Lilith wakes up in a plain room devoid of color and objects, accompanied occasionally by disembodied voices, fed a bland stew or cereal in edible bowls, driven a little mad by isolation; and this happens over and over again. Eventually she passes enough tests to meet her captors, who turn out to be nonhuman alien “people” who inform her that she is not on Earth – Earth as we know it was destroyed in a nuclear war, which she remembers – but on a ship. And, long story short-ish, she is among the few human survivors who will eventually be sent to Earth to repopulate it. But there is a price: the alien people, the Oankali, want something in exchange for shepherding humans out of near-extinction.

Lilith is a special human. She’s been identified as having the right combination of qualities to lead and teach humans how to move forward. This role will come with its own frustrations and burdens. It is the Oankali’s belief that humans have “a mismatched pair of genetic characteristics,” which alone would have been advantages but together may doom humanity. These are intelligence and hierarchical thinking. Lilith’s troop of humans have these characteristics, of course. They are also traumatized by war, and the challenges of survivalism include some tendencies to violence, for one thing.

This is a story about the way humans behave, and about relationships, between humans and also across species with the Oankali. In some basic ways, it reduces to a story about people, which I appreciate. It also considers some more unusual questions, especially because the Oankali have some very novel qualities, skills and abilities, and ways of relating to each other. Sex and gender appear in new ways here, which is thought-provoking. Lilith is a Black woman, which has some implications for her place in a human society, because even post-nuclear-war we haven’t lost our societal issues and prejudices. Dawn deals with questions about agency and self-determination; love, sex and gender; and the persistence of old hangups. I was intrigued and engaged by the Issues, but I was most pleasurably lost in the story and the novel world and people.

Very much sold on this series – I’ve ordered books 2 and 3, and can’t wait.


Rating: 9 breadnuts.

Thrust by Lidia Yuknavitch

A remarkable girl moves through past and future timelines to connect disparate, marginalized characters in Lidia Yuknavitch’s imaginative otherworld.
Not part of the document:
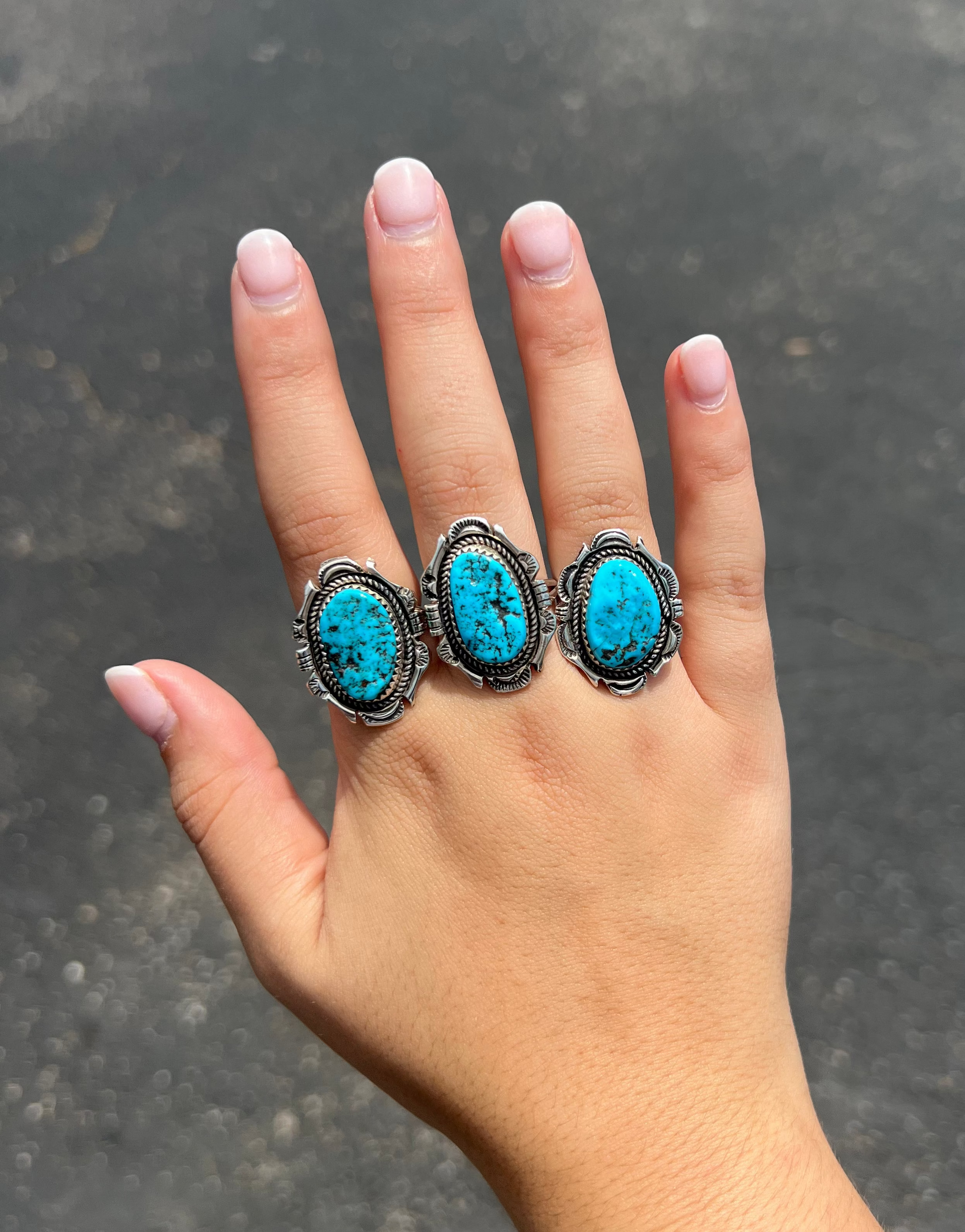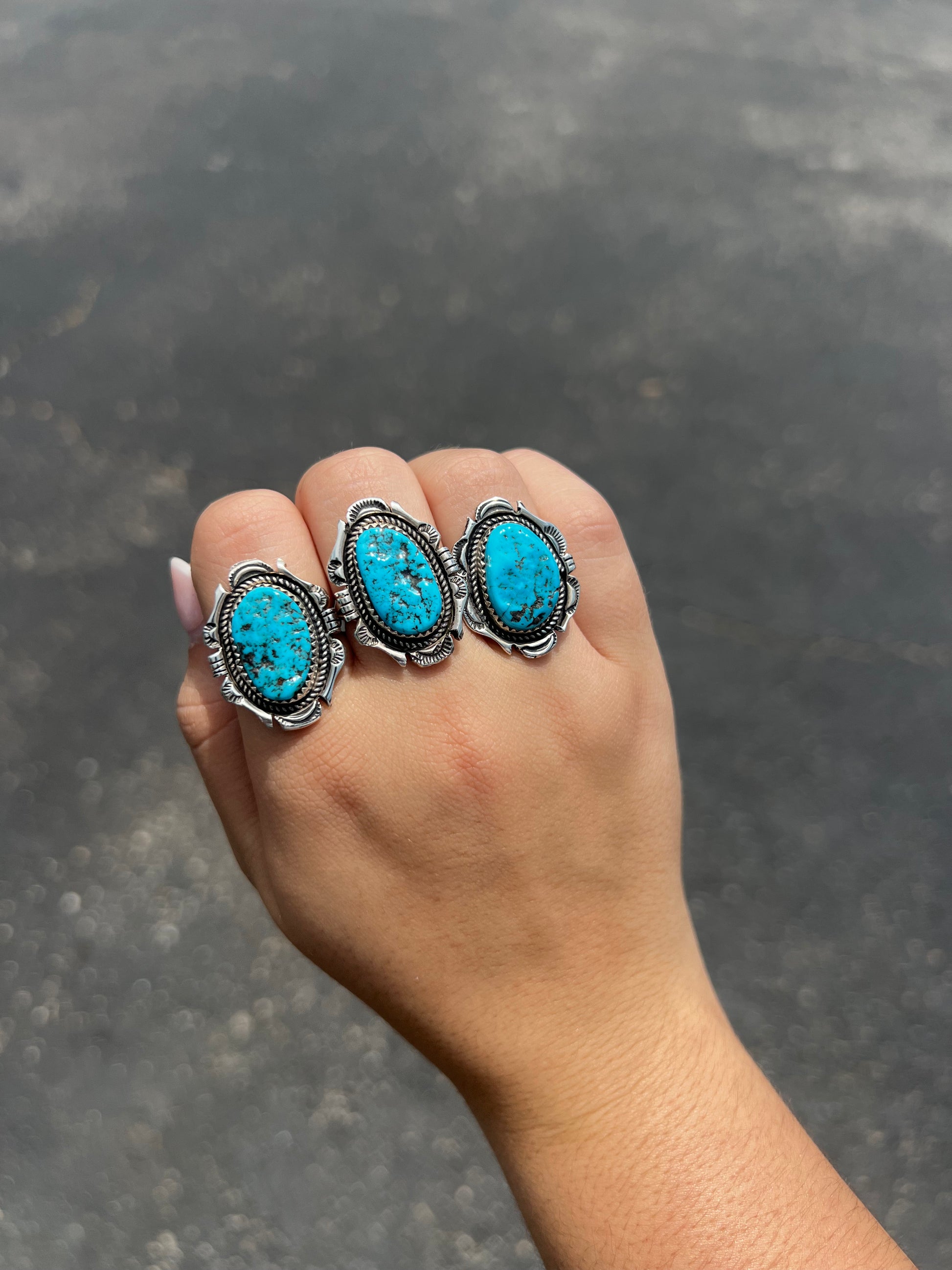 -Authentic Native American Handmade Genuine Turquoise Sterling Silver Ring
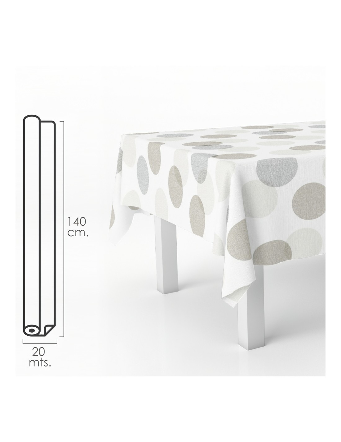 Mantel Hule Rollo 140 x 20 metros. Circulos Beige

Lidia Yuknavitch’s Thrust is a complex novel of great imagination, outside of time but very much concerned with it. At its center is Laisvė, also known as the Water Girl. In the late 21st century, she and her father hide away from what is left of society in a submerged New York City where only the tip of Lady Liberty’s torch is visible at low tide. Laisvė has a fascination with curious objects and an unusual set of skills. “She knew not to be afraid to go to water, because time slips and moves forward and backward, just as objects and stories do.” Laisvė is a carrier, who can move not only objects but people, through time as well as space. In Yuknavitch’s lovely, weird prose, Laisvė will eventually connect Frédéric, the French sculptor of the Statue of Liberty, and his captivating, beloved cousin Aurora; a violent, abused boy and the social worker–the daughter of a war criminal–who hopes to save him; and a tight-knit crew of three men and one woman who help build the Statue, and who represent “an ocean of laborers.”

Yuknavitch (Verge; The Chronology of Water) moves between worlds as her chapters follow different characters in turn. Some are labeled ethnographies, and form an ode to unrecognized workers, immigrants and misfits. “The story of workers is buried under the weight of every monument to progress or power. Our labor never reaches the height of the sacred. No one ever tells the story of how beautiful we were. How the body of us moved. How we lifted entire epochs.” Characters come from all over the world, speak a range of languages and concern themselves variously with history, the arts, social welfare and the body. Their stories are intertwined and connected by Laisvė’s travels. Laisvė “wants the words to rearrange, to locate differently, the way language itself could if you loosened it from human hubris and let it flow freely again as a sign system, as the land and water did, as species of plants and animals did, everything in existence suddenly again in flux, everything again possible.”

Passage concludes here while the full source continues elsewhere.